The Only Known Knude of Kalamity Jane

 

Kalamity Jane

The Only Known Knude of Kalamity Jane
Mixed Media (Acrylics and Crayola)
14 1/8"X 10"
By Sherrell L. Hazlewood

 

It was during the summer of 1878 that the world famous photographer and macramé artist Maximillian Von Dusselldorff arrived in the Black Hills area of the Dakotas. The purpose of his visit was to photograph famous characters of the American West and return to his native Germany where there was a ready market for such photos.

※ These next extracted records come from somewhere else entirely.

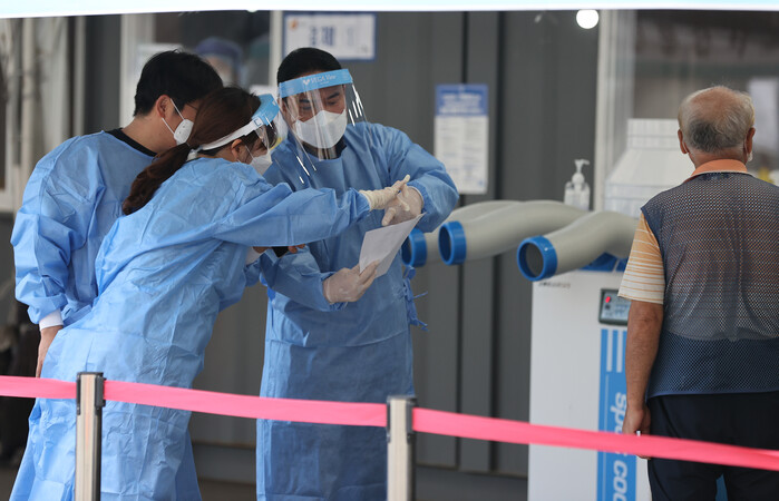▲ 13일 오전 서울역 광장에 설치된 서울 중구 임시선별검사소에서 관계자들이 분주히 움직이고 있다. [사진=연합뉴스] |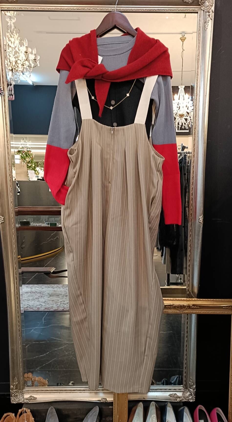 ピンストライプオーバーオール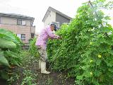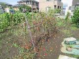 菅原神社裏のごみ置場です。 パイプを下げていた針金を交換しました。 北E1のミニトマトが長雨のため枯れました。 |

Naturally Kalamity Jane was high on the list of desired subjects; not only for her fame as a female teamster, but also because she always wore buckskins. Europe at that time was crazy for anything leather. After photographing Kalamity in the usual poses of the period, Von Dusselldorff struck on the idea of a naked lady pose, which was then popular for post cards, especially in Switzerland. When Maximillian presented his idea to Kalamity, she at first thought that this was a most ridiculous idea. She had not undressed, at least not completely since she was a little girl growing up in Dead Wood, South Dakota; not even for a bath, which she hadn't taken since she could say the word "no".

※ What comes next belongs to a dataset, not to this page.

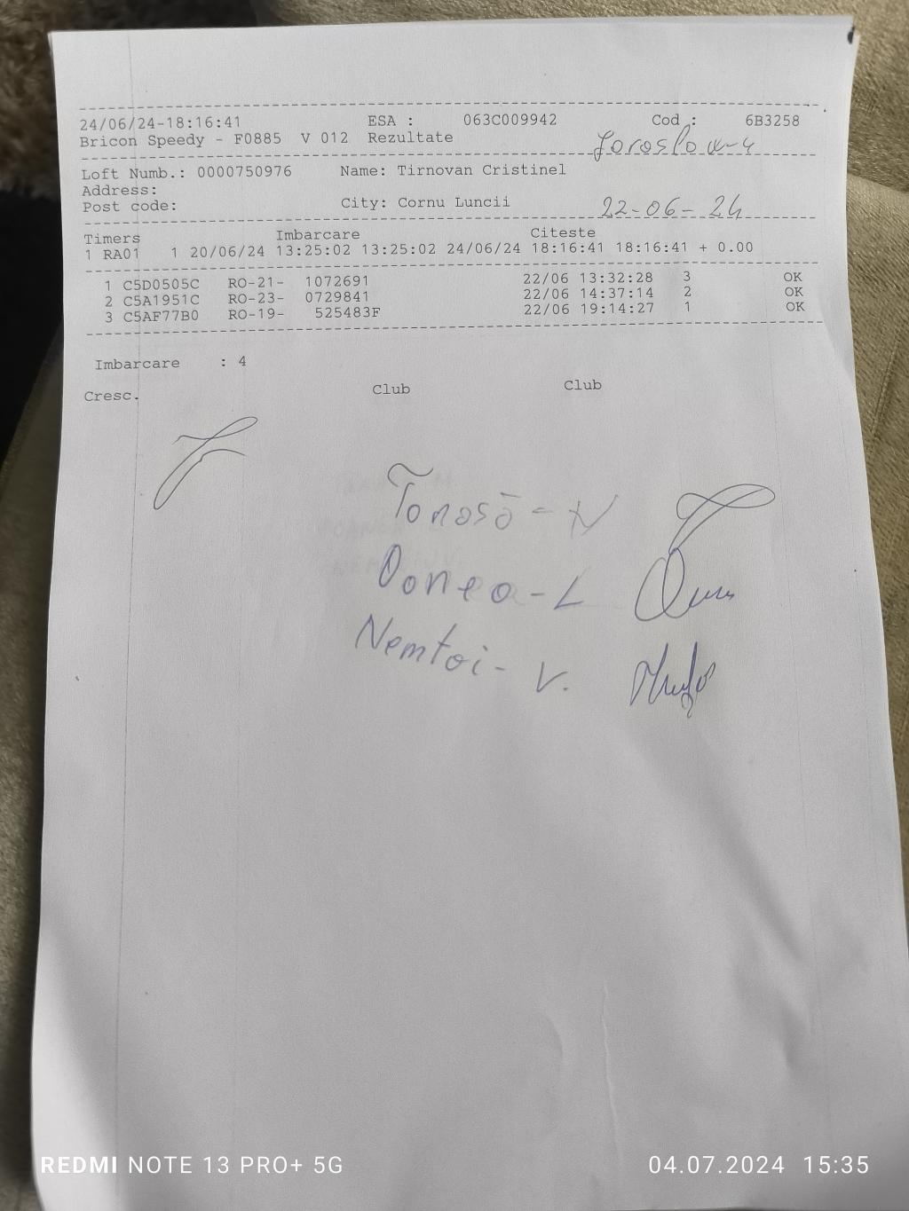 | 244 | Hirlet Cezar | SV565 | TOP | Radauti |

It was her friend and fellow teamster, Salt Lake City Fred, who finally convinced her to pose for Dusselldorff.
"Goshallmighty Kalamity!" Salt Lake shouted, a little brown drivel of tobacco juice leaking out of the corner of his mouth.
"They dad burned well ain't nothing to it. It can't be no sheeouting worse than mooning, and you've done that a lot."
Kalamity had the habit of mooning any teamster who was foolish enough to try to run her mule team off the road. 1

Fred had convinced Kalamity and she posed, minus her buckskins. It was on this historical photograph2 that I based my painting." The Only Known Knude of Kalamity Jane". I am deeply indebted to Maximillian Von Dusselldorff for his original and pioneering efforts in early Western Photography.

 

1 Mooning was a common practice on the Western Frontier and was thought to have originated among Native Americans.

2 The photograph did not sell well in Europe.